WHAT THE TASK REQUIRES:
Your output should be the lines below from the one with "A true blend" through the one with "XGN□-12型单元式交流金", copied exactly, pictures excluded.

INFORMATION:
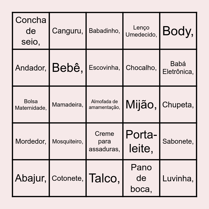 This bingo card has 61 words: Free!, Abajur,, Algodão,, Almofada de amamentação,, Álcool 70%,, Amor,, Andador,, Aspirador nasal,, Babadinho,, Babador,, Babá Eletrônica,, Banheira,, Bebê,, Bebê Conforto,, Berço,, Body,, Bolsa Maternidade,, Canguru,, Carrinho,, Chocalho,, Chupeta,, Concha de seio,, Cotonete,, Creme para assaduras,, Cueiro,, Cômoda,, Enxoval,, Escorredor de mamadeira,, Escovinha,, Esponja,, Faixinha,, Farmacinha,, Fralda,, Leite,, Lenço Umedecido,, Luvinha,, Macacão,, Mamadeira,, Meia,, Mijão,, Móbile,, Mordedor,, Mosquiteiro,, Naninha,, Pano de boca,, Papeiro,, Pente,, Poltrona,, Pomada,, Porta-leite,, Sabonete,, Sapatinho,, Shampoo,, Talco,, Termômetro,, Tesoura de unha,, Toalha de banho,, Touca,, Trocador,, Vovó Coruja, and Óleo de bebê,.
--
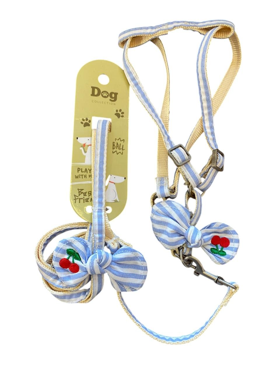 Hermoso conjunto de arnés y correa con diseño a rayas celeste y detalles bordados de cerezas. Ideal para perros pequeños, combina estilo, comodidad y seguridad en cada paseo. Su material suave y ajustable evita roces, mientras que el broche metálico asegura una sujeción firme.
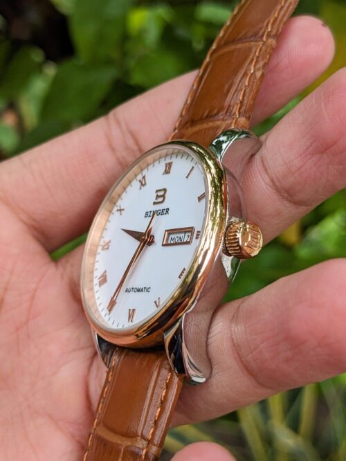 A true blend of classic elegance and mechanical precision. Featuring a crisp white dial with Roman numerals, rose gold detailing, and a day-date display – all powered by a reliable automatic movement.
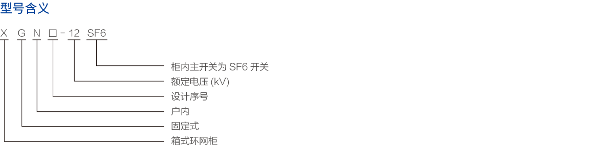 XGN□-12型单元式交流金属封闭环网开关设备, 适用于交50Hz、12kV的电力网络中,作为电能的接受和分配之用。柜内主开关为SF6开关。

SOLUTION:
 A true blend of classic elegance and mechanical precision. Featuring a crisp white dial with Roman numerals, rose gold detailing, and a day-date display – all powered by a reliable automatic movement.
 XGN□-12型单元式交流金属封闭环网开关设备, 适用于交50Hz、12kV的电力网络中,作为电能的接受和分配之用。柜内主开关为SF6开关。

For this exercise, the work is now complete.